Agence France Presse April 13, 2000, Thursday

Indonesia wants South African-style look at abuses: Canadian minister JAKARTA, April 13

Visiting Canadian minister Raymond Chan said Thursday that senior Indonesian officials appeared to favour a South African style "truth and reconciliation" approach to massive human rights abuses committed in Indonesia.

"The minister indicated ... (that they are) promoting a truth and reconciliation approach," Chan told a press conference in Jakarta after meeting Indonesian Rights Minister Hasbalah Saad.

"It (the approach) seems to have the endorsement of NGO's (non-governmental organizations), and we are very happy to see NGO's having a voice in policy," Chan said.

Saad, he said, had told him that although human rights trials were starting to go ahead in troubled Aceh province, Indonesia simply did not "have the capacity" to handle the sheer volume of cases from the past -- a reference to the 32-year iron-fist regime of former president Suharto.

Chan, secretary of state for Asia and Pacific, said he did not mean to imply that human rights violations had come to an end in post-Suharto Indonesia.

He said he had discussed Ottawa's concerns over human rights violations and the ongoing sectarian violence between Muslims and Christians in the Maluku islands -- which has claimed some 3,000 lives in the past year -- with Indonesian Vice President Megawati Sukarnoputri earlier on Thursday.

In the meeting he told Megawati that his government was "very concerned" about the violence in the Malukus, as well as in Aceh and Irian Jaya.

"I was glad to hear from Megawati that reconciliation efforts are underway," in the Malukus.

"She assured us she was putting in a lot of effort," he said, adding that during his meeting with Saad, he had been told that a decentralization package was being prepared for parliamentary approval.

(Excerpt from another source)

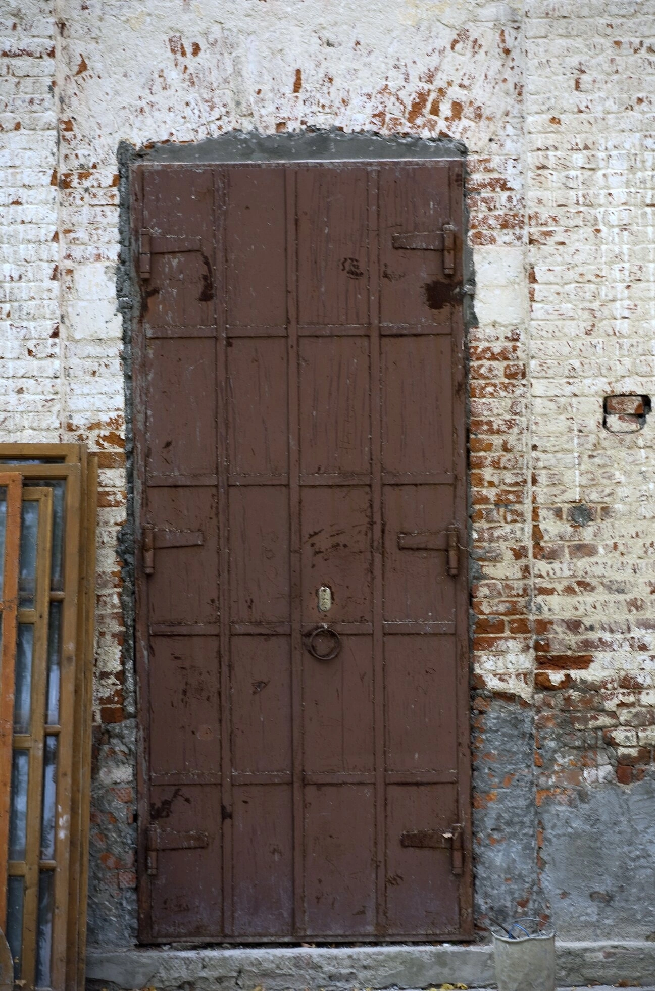Явственные следы времени в виде обветшавшей кирпичной кладки, частичной утраты штукатурки и ржавчины на мощных петлях и ручке-кольце свидетельствуют о долгой истории этого церковного входа. Кольцевая ручка, являющаяся традиционным элементом храмовых дверей, напоминает о круге вечности и непреходящем значении веры.

Aceh, on the western tip of Indonesia, and Irian Jaya in the east have both long been plagued by clashes between troops and separatists.

Indonesian President Abdurrahman Wahid said before a trip to South Africa earlier this week that one of the main topics of discussion would be whether the South African style "truth and reconciliation" process was suitable for Indonesia.

He was referring to the deluge of grievances that have been raised, many of them against the armed forces, since the fall of Suharto in 1998, who in the last years of his rule became increasingly autocratic.

Chan, who arrived in Jakarta on Monday, is scheduled to fly to East Timor on Friday before returning to Indonesia.

He said the main purpose of his Indonesia trip was to report to his government on the progress and challenges facing the Wahid government.